Prior to the NLN Education Summit 2005, the authors took part in a conference call to discuss some of the difficulties and challenges faced by faculty in schools of nursing. Familiar with the growing body of published work on troublesome behaviors in American schools and the workplace, we determined to use a panel discussion format to explore the nature of these difficulties and capture the meanings these experiences have for the individuals involved. By sharing personal experiences and presenting a review of the literature, we hoped to give voice to troublesome and sometimes painful aspects of our roles as educators. * In our vision for the panel discussion and this article, our desire was to be part of the solution. Our goal is to explore these experiences in a way that encourages self-reflection, teaches acceptable behavior, and supports positive change in the educational environment. We hope to promote opportunities for all involved in nursing education--students, faculty, and administrators--to grow and flourish. *
This article follows the sequence of the panel presentation, which began with a comprehensive review of the literature on academic dishonesty, followed by a discussion of low- and high-tech forms of cheating used by students. We addressed the need to process social information correctly and develop positive and acceptable social skills needed for professional development, and we discussed bullying, issues of incivility among faculty members, and the troublesome practice known as "mean girl games." Our names are presented alongside our contributions, but all of us answered questions and participated in the lively discussion that took place at the Summit.

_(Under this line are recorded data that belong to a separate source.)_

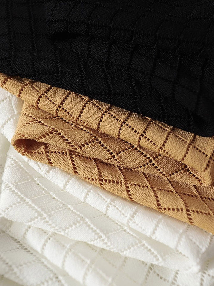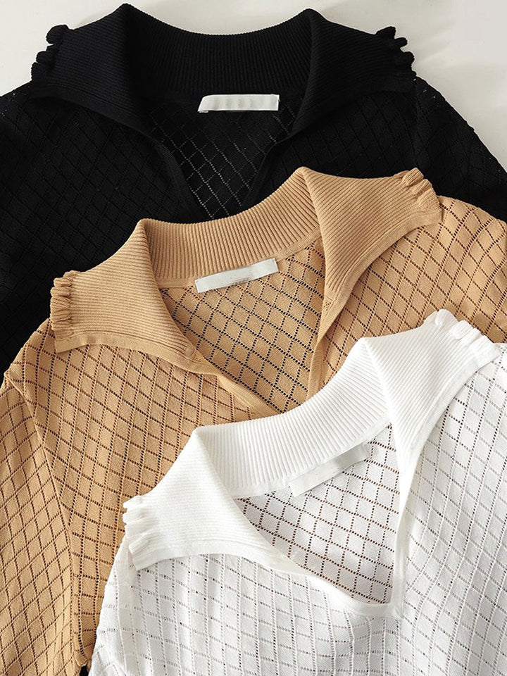 Ashley Classic V-Neck Hollow Solid Color Knitted Top-Noir
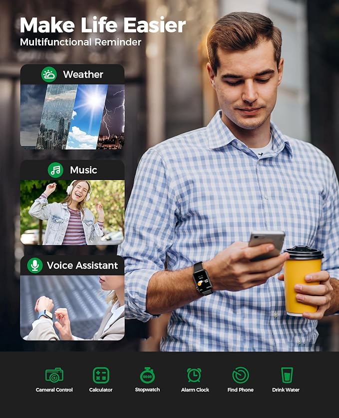 - 【24H Accurate Health Monitoring】Smart watches for women adopt advanced sensors to accurately monitor your 24/7 blood oxygen, blood pressure and heart rate. Smart watches for men can also professionally interpret the sleep characteristics at each stage and analyzes sleep quality including deep sleep, light sleep, and wake-up times. You can view real-time data on this running watch at any time, or view the recorded continuous data and analysis reports on the App.
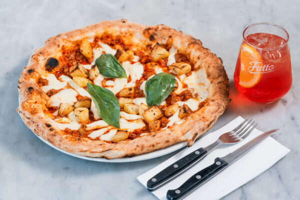 We’ve combined ’nduja Calabrese with our own ragu sauce, made in our kitchen from Rega plum tomatoes, carrots, celery, garlic and onions. Our drink of the month is a Fatto Summer Spritz – Campari, elderflower, Spumante and limonata. The drink offsets the slight spice of the pizza and is a beautiful pairing. Buon Appetito!

Academic Dishonesty Joanne Farley Serembus
Long part of academic life, academic dishonesty has been defined as "intentional participation in deceptive regarding one's academic work or the work of mother" (1). As many as 70 to 95 percent of students have been reported to have engaged in such practices (2-4). Some have suggested that academic dishonesty arises from a deterioration of morals as documented over the past decade by the Josephson Institute (5).
As nurse educators, we are responsible for providing curricula that integrate moral and ethical issues and prepare students to practice according to an accepted code of professional practice. Therefore, it is imperative that we do our best to prevent students from participating in practices such as cheating, plagiarism, unethical clinical practice, alteration of records, forgery, false representation, and knowingly assisting another in dishonest acts (1,6). Hilbert's (7-9) finding of a relationship between unethical classroom behaviors and unethical clinical behaviors is particularly disturbing as unethical clinical practice can affect safe nursing practice. The most frequent unethical clinical behaviors found were: discussing patients in public places or with nonmedical personnel; taking hospital equipment for use at home; and recording that medications, treatments, observations, or home visits were performed when they were not.
A number of factors contribute to academic dishonesty. These include competition for higher grades, honors, awards, and a grade point average sufficient for graduate study; an emphasis on perfection in nurses and nursing practice; lower levels of moral development; risk-taking behaviors that count on not getting caught or punished; the will to succeed at all costs; lack of preparation or skills; poor academic standing, poor grades, and concerns about the financial impact of failing a course; personal time management factors and competing assignments; a classroom or clinical environment conducive to academic dishonesty; and the use of rationalizations to justify dishonest actions (1,3,10). While faculty and students agree that an ever-increasing number of students cheat, students tend to differentiate between cheating on exams and what they consider less serious events such as plagiarism or working together on assignments that were meant to be completed individually (11,12). …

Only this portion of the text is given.